Task directions: The data below should be retyped exactly, with the pictures left out.
(Beginning of Information shown)
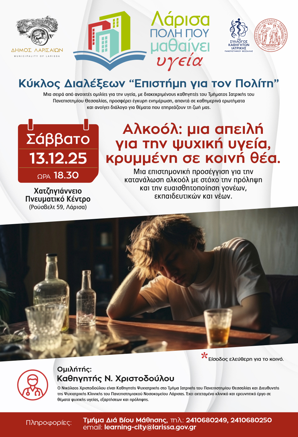 Σε μια εποχή όπου η κατανάλωση αλκοόλ θεωρείται κοινωνικά αποδεκτή, η ανάγκη για καθαρή, επιστημονικά τεκμηριωμένη ενημέρωση είναι πιο επιτακτική από ποτέ. Η διάλεξη θα παρουσιάσει μύθους και αλήθειες, αναδεικνύοντας τις πραγματικές συνέπειες του αλκοόλ στην ψυχική υγεία και τις σύγχρονες στρατηγικές πρόληψης.
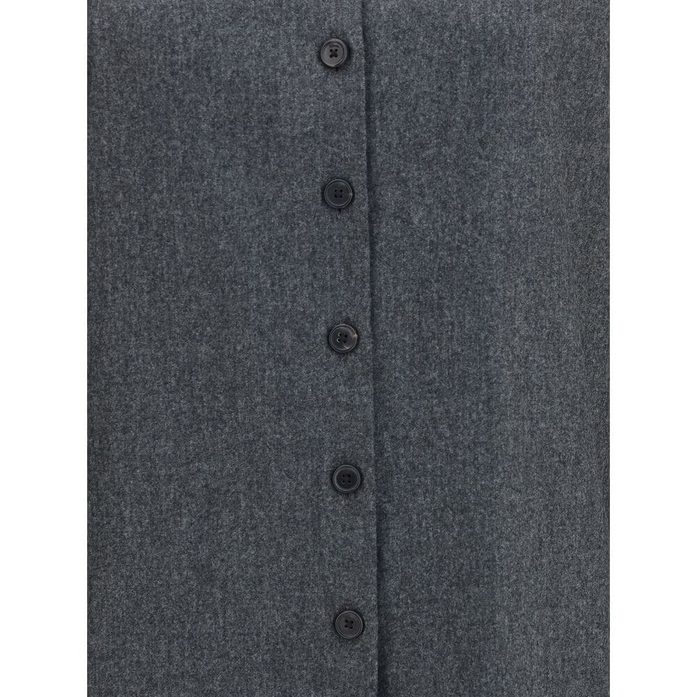 The Auryn Shirt by Khaite combines clean lines with refined materials for effortless elegance. Crafted from dark grey melange wool, it features a front button closure that enhances its understated sophistication. A versatile piece, ideal for elevating both casual and refined outfits.
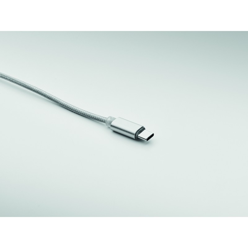Câble de recharge en aluminium avec entrée : 2-en-1 type-C & type-A et micro-B (2 en 1 pin), sortie type C et micro B. Longueur du câble : 120 cm.
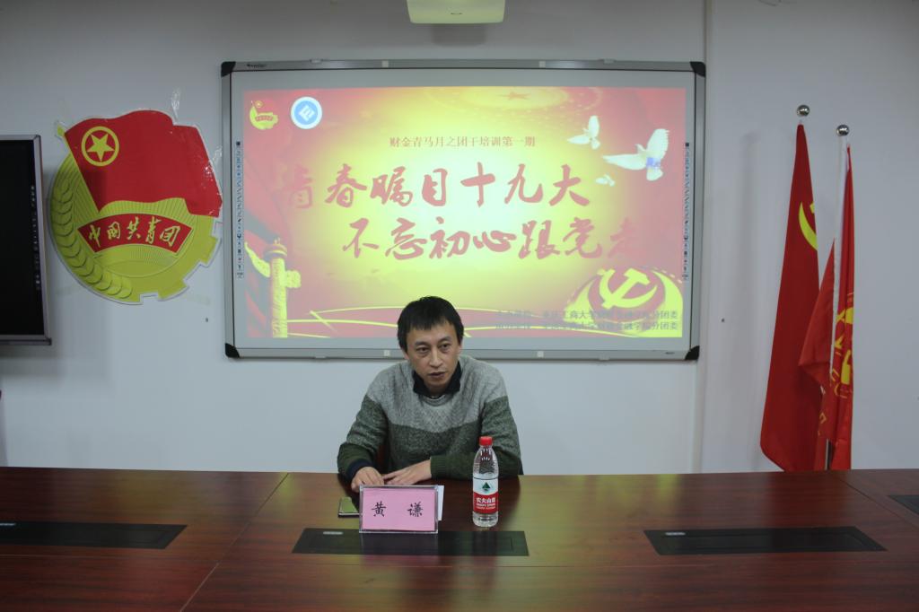 本次培训以“ 青春瞩目十九大,不忘初心跟党走”为主题,黄谦书记根据自己的心得体会为大家讲解和指导了新时代下我们该如何去认识中国的发展等问题。从西方对中国的认知,到中国特色社会主义的建设发展;中国共产党从革命党成为新中国下的建设党、执政党;社会主义初级阶段的基本矛盾在十九大的转变,对党在新时代下的要求也逐渐转变。我们身处在新时代下,需要认清社会主义的基本矛盾,需要加强党的全面领导,为人民服务,也受人民监督。在团干方面,黄谦书记说道,财金学子的需求分为个人和集体两个维度,集体需要每个人共同凝聚,而作为团干,需要知道自己肩负的责任,该干什么,能够为大家做什么至关重要。
(End of Information shown)
Exercise output:
 Σε μια εποχή όπου η κατανάλωση αλκοόλ θεωρείται κοινωνικά αποδεκτή, η ανάγκη για καθαρή, επιστημονικά τεκμηριωμένη ενημέρωση είναι πιο επιτακτική από ποτέ. Η διάλεξη θα παρουσιάσει μύθους και αλήθειες, αναδεικνύοντας τις πραγματικές συνέπειες του αλκοόλ στην ψυχική υγεία και τις σύγχρονες στρατηγικές πρόληψης.
 The Auryn Shirt by Khaite combines clean lines with refined materials for effortless elegance. Crafted from dark grey melange wool, it features a front button closure that enhances its understated sophistication. A versatile piece, ideal for elevating both casual and refined outfits.
Câble de recharge en aluminium avec entrée : 2-en-1 type-C & type-A et micro-B (2 en 1 pin), sortie type C et micro B. Longueur du câble : 120 cm.
 本次培训以“ 青春瞩目十九大,不忘初心跟党走”为主题,黄谦书记根据自己的心得体会为大家讲解和指导了新时代下我们该如何去认识中国的发展等问题。从西方对中国的认知,到中国特色社会主义的建设发展;中国共产党从革命党成为新中国下的建设党、执政党;社会主义初级阶段的基本矛盾在十九大的转变,对党在新时代下的要求也逐渐转变。我们身处在新时代下,需要认清社会主义的基本矛盾,需要加强党的全面领导,为人民服务,也受人民监督。在团干方面,黄谦书记说道,财金学子的需求分为个人和集体两个维度,集体需要每个人共同凝聚,而作为团干,需要知道自己肩负的责任,该干什么,能够为大家做什么至关重要。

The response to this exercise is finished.